Just like they used in the 18th century!

Here's how it works: The soiled cloths are tossed into a stinky bin on the bathroom floor where they wait to be thrown in the washing machine. 

For those who are squeamish about shared butt blotters, family cloth enthusiasts suggest color coding the fabrics for family members.

As if THAT makes the concept more appealing.

No mention of what to do about guests.

Oh, and guess who will wash these reeking rags?

Women!

Studies show that one constant in modern marriages is that women do most of the housework.
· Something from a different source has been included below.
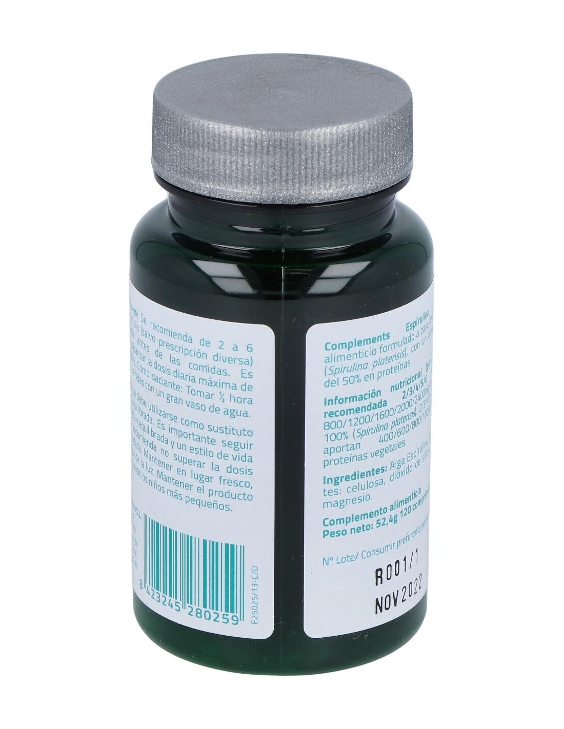 - Contiene 120 comprimidos de espirulina, facilitando una dosificación práctica y constante.
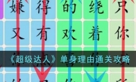 超级达人是一款充满趣味和挑战的休闲小游戏,游戏的内容非常有趣精彩,游戏中有着非常丰富的关卡,玩家需要在各个不同的关卡中来进行各种挑战,今天小编给大家分享一下游戏中单身理由的通关攻略

Don’t take my word for it. There's this from the US Bureau of Labor Statistics:

On an average day, women spent more than twice as much time preparing food and drink and doing interior cleaning, and over three times as much time doing laundry as did men.”

Lucky us. We need more work.

I'm just going to say “no thanks” to this loopy idea. It's not just the germs and the extra loads of laundry, either.  I don’t want a bin full of urine-soaked cotton squares infusing my bathroom with that unmistakable bus station restroom aroma - no matter how many trees it may save.

While BuzzFeed gushed about the family cloth this week, USA Today took a swipe at it.

Kelly Reynolds, a public health researcher at the University of Arizona, told the paper that the health risks from washable toilet paper are serious. She also noted that the energy it takes to adequately sterilize reusable wipes - scalding water and buckets of bleach - outweighs any environmental benefit associated with shunning toilet paper.

What is it with the Birkenstock crowd and our bathroom habits anyway? 

Back in 2007, when climate change was still called global warming, that well-known scientist/singer Sheryl Crow decreed that everyone should use fewer sheets of toilet paper.

Far fewer.

Crow was quoted at the time saying folks should use "one square per restroom visit - except, of course, on those pesky occasions when two or three are required.”

One square.

The singer later said she was joking. But that was only after several news organizations pointed out that when Crow was on tour she traveled with four buses, three tractor trailers and six cars.

Yep, Sheryl Crow was scolding ordinary Americans for using too many inches of toilet paper while she was stomping around the world with a Sasquatch-sized carbon footprint of her own.

Crow hasn’t weighed in yet on the family cloth movement. I have a feeling she's going to love it.